### EXERCISE DETAILS
As you reproduce every line below, keep it exactly as written and leave out the images.

### INFORMATION GIVEN
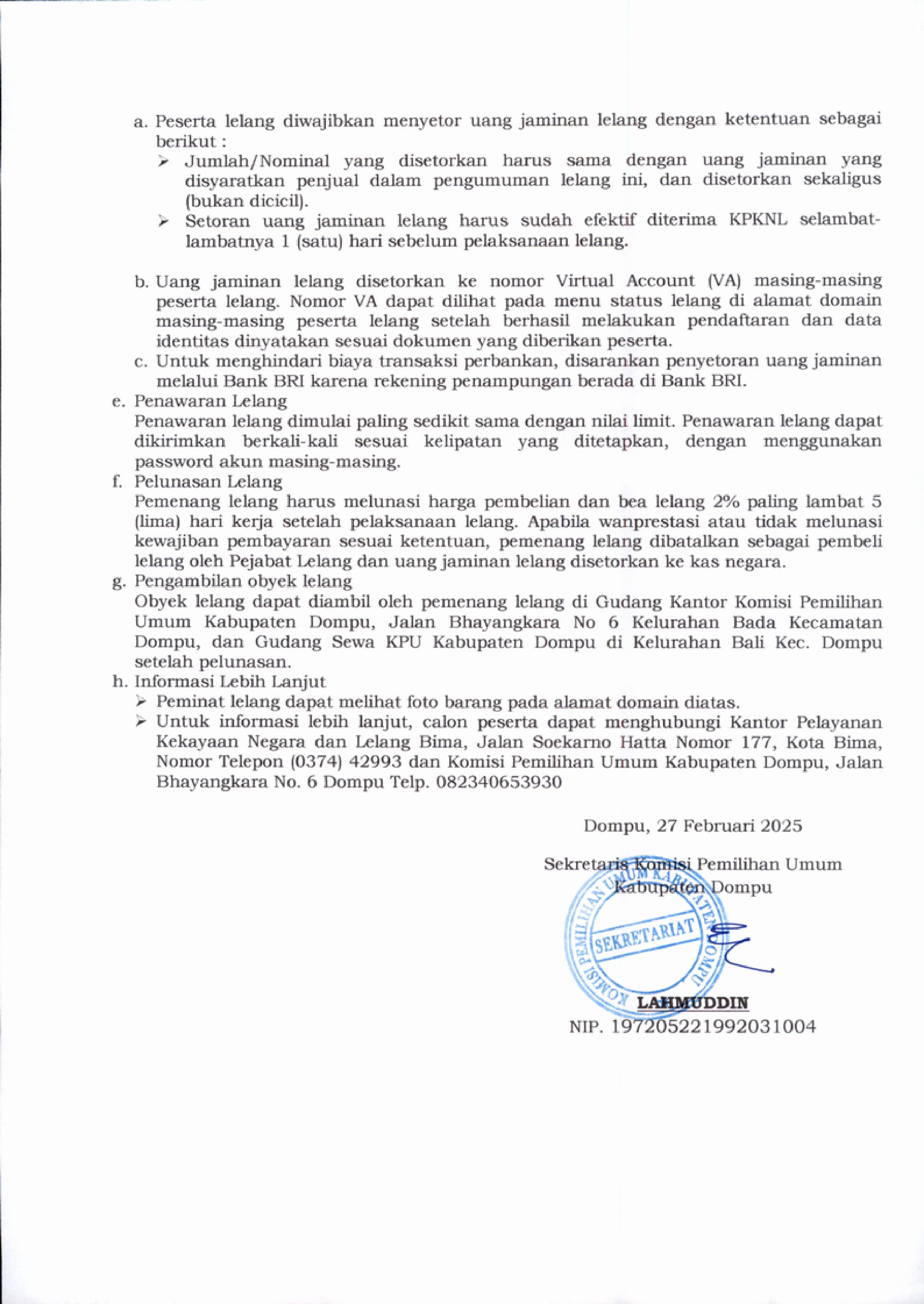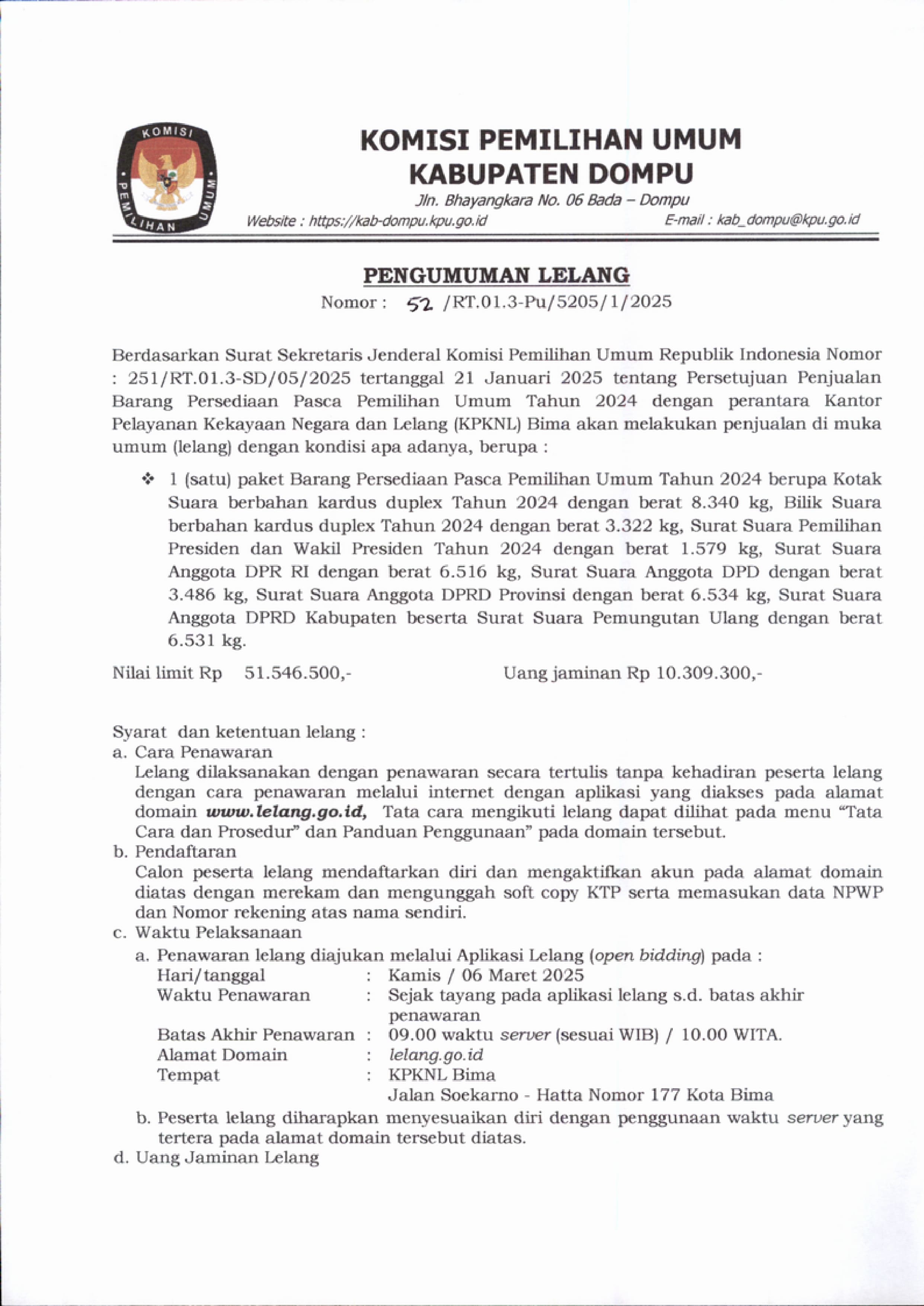 Berikut Kami Sampaikan Pengumuman Lelang Nomor : 52/RT.01.3-Pu/5205/1/2025 berupa 1 (satu) paket Barang Persediaan Pasca Pemilihan Umum Tahun 2024 berupa Kotak Suara berbahan kardus duplex Tahun 2024 dengan berat 8.340 kg, Bilik Suara berbahan kardus duplex Tahun 2024 dengan berat 3.322 kg, Surat Suara Pemilihan Presiden dan Wakil Presiden Tahun 2024 dengan berat 1.579 kg, Surat Suara Anggota DPR RI dengan berat 6.516 kg, Surat Suara Anggota DPD dengan berat 3.486 kg, Surat Suara Anggota DPRD Provinsi dengan berat 6.534 kg, Surat Suara Anggota DPRD Kabupaten beserta Surat Suara Pemungutan Ulang dengan berat 6.531 kg. dengan Nilai limit Rp. 51.546.500 (Lima Puluh Satu Juta Lima Ratus Empat Puluh Enam Ribu Lima Ratus) Uang Jaminan Rp. 10.309.300 (Sepuluh Juta Tiga Ratus Sembilan Ribu Tiga Ratus)
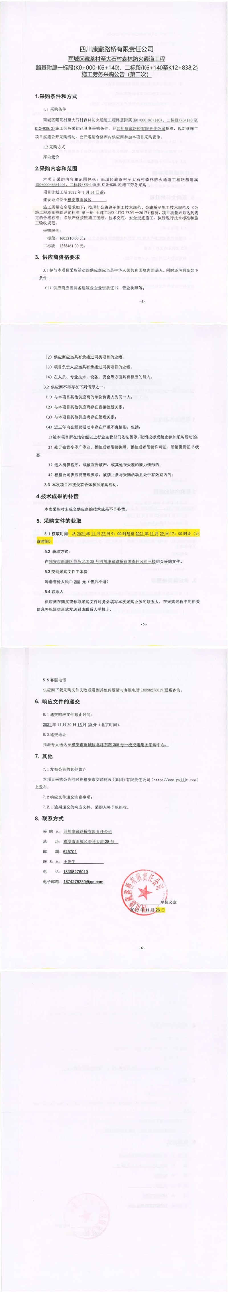 四川康藏路橋有限責(zé)任公司雨城區(qū)藏茶村至大石村森林防火通道工程路基附屬一標(biāo)段(K0+000-K6+140)、二標(biāo)段(K6+140至K12+838.2)施工勞務(wù)采購(gòu)公告(第二次)
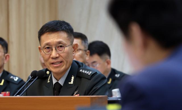 24일 충남 계룡시 계룡대에서 열린 국회 국방위원회의 육군본부에 대한 국정감사에서 김규하 육군참모총장 직무대리가 의원 질의에 답하고 있다. 계룡=뉴시스 |
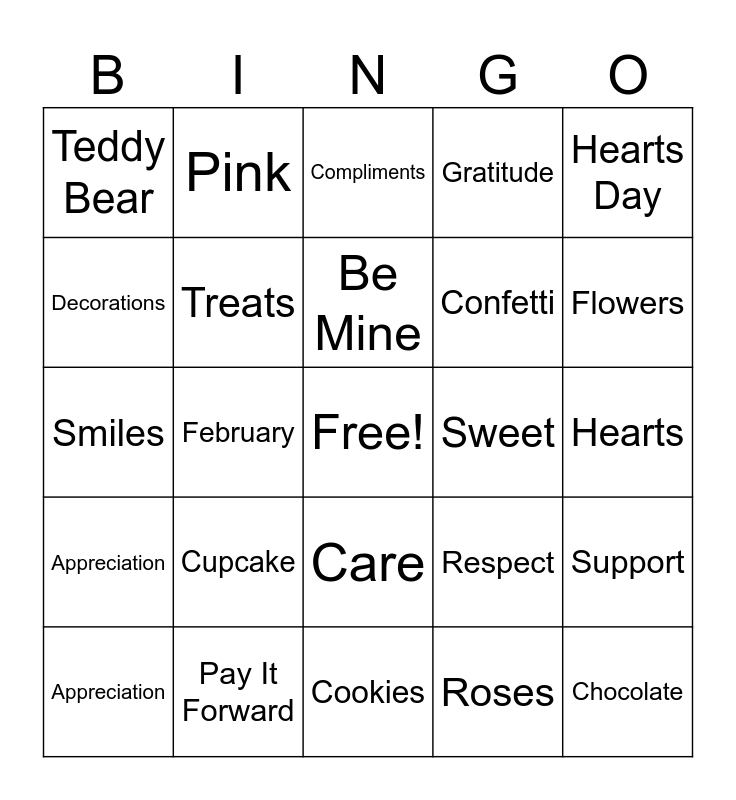 This bingo card has a free space and 50 words: Thank You, Chocolate, Candy, Cookies, Cupcake, Snacks, Pink, Red, Decorations, Cards, Treats, Gratitude, Support, Respect, Positivity, Encouragement, Be Mine, Sweet, Lovely, Hearts Day, February, Roses, Teddy Bear, Confetti, Sparkle, Cheer, Flowers, Kisses, Compliments, Care, Celebration, True Love, Sweethearts, Giving Hearts Day, Pay It Forward, Hugs, February 14th, Bouquet, Valentine, Hearts, Cupid, Love, Kindness, Friendship, Appreciation, Smiles, Warm Wishes, Together, Appreciation and Office Treats.
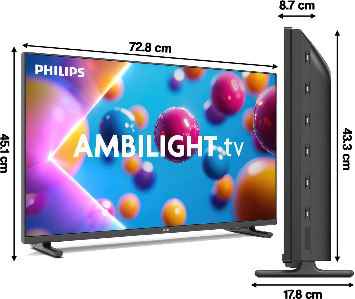 PHILIPS LED TV 32PFS6900/12 - Veličina dijagonale zaslona (inč): 32inča, Dijagonala zaslona (u cm): 80 cm, Zaslon: LED Full HD, Rezolucija zaslona: 1920 x 1080 piksela, Izvorna brzina osvježavanja: 60 Hz, AMBILIGHT, Program za obradu slike: Pixel Plus HD, Napredne značajke slike: ECO,Crystal Clear, Kućno kino, Filmovi, Igra, Monitor, Pixel Plus HD,Osobna, SmartTV aplikacije: Netflix, HBO, YouTube, Amazon Prime Video, Disney+ OS: TITAN OS Kapacitet memorije (Flash)*: 8 GB,Zvuk: 2.0-kanalni, Izlazna snaga (RMS): 12 W, Konfiguracija zvučnika: 2zvučnika punog opsega od 6 W, Sound Engine: Basic Sound Engine, HDR:HLG, HDR10, VESA: 100 x 100 mm
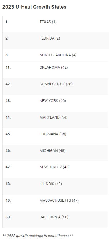 For the fourth year in a row, California reflected the largest net loss of one-way movers. Other bottom-five states for growth are Michigan, New Jersey, Illinois and Massachusetts. New York ranks 43rd.

### OUTPUT OF THE TASK
 Berikut Kami Sampaikan Pengumuman Lelang Nomor : 52/RT.01.3-Pu/5205/1/2025 berupa 1 (satu) paket Barang Persediaan Pasca Pemilihan Umum Tahun 2024 berupa Kotak Suara berbahan kardus duplex Tahun 2024 dengan berat 8.340 kg, Bilik Suara berbahan kardus duplex Tahun 2024 dengan berat 3.322 kg, Surat Suara Pemilihan Presiden dan Wakil Presiden Tahun 2024 dengan berat 1.579 kg, Surat Suara Anggota DPR RI dengan berat 6.516 kg, Surat Suara Anggota DPD dengan berat 3.486 kg, Surat Suara Anggota DPRD Provinsi dengan berat 6.534 kg, Surat Suara Anggota DPRD Kabupaten beserta Surat Suara Pemungutan Ulang dengan berat 6.531 kg. dengan Nilai limit Rp. 51.546.500 (Lima Puluh Satu Juta Lima Ratus Empat Puluh Enam Ribu Lima Ratus) Uang Jaminan Rp. 10.309.300 (Sepuluh Juta Tiga Ratus Sembilan Ribu Tiga Ratus)
 四川康藏路橋有限責(zé)任公司雨城區(qū)藏茶村至大石村森林防火通道工程路基附屬一標(biāo)段(K0+000-K6+140)、二標(biāo)段(K6+140至K12+838.2)施工勞務(wù)采購(gòu)公告(第二次)
 24일 충남 계룡시 계룡대에서 열린 국회 국방위원회의 육군본부에 대한 국정감사에서 김규하 육군참모총장 직무대리가 의원 질의에 답하고 있다. 계룡=뉴시스 |
 This bingo card has a free space and 50 words: Thank You, Chocolate, Candy, Cookies, Cupcake, Snacks, Pink, Red, Decorations, Cards, Treats, Gratitude, Support, Respect, Positivity, Encouragement, Be Mine, Sweet, Lovely, Hearts Day, February, Roses, Teddy Bear, Confetti, Sparkle, Cheer, Flowers, Kisses, Compliments, Care, Celebration, True Love, Sweethearts, Giving Hearts Day, Pay It Forward, Hugs, February 14th, Bouquet, Valentine, Hearts, Cupid, Love, Kindness, Friendship, Appreciation, Smiles, Warm Wishes, Together, Appreciation and Office Treats.
 PHILIPS LED TV 32PFS6900/12 - Veličina dijagonale zaslona (inč): 32inča, Dijagonala zaslona (u cm): 80 cm, Zaslon: LED Full HD, Rezolucija zaslona: 1920 x 1080 piksela, Izvorna brzina osvježavanja: 60 Hz, AMBILIGHT, Program za obradu slike: Pixel Plus HD, Napredne značajke slike: ECO,Crystal Clear, Kućno kino, Filmovi, Igra, Monitor, Pixel Plus HD,Osobna, SmartTV aplikacije: Netflix, HBO, YouTube, Amazon Prime Video, Disney+ OS: TITAN OS Kapacitet memorije (Flash)*: 8 GB,Zvuk: 2.0-kanalni, Izlazna snaga (RMS): 12 W, Konfiguracija zvučnika: 2zvučnika punog opsega od 6 W, Sound Engine: Basic Sound Engine, HDR:HLG, HDR10, VESA: 100 x 100 mm
 For the fourth year in a row, California reflected the largest net loss of one-way movers. Other bottom-five states for growth are Michigan, New Jersey, Illinois and Massachusetts. New York ranks 43rd.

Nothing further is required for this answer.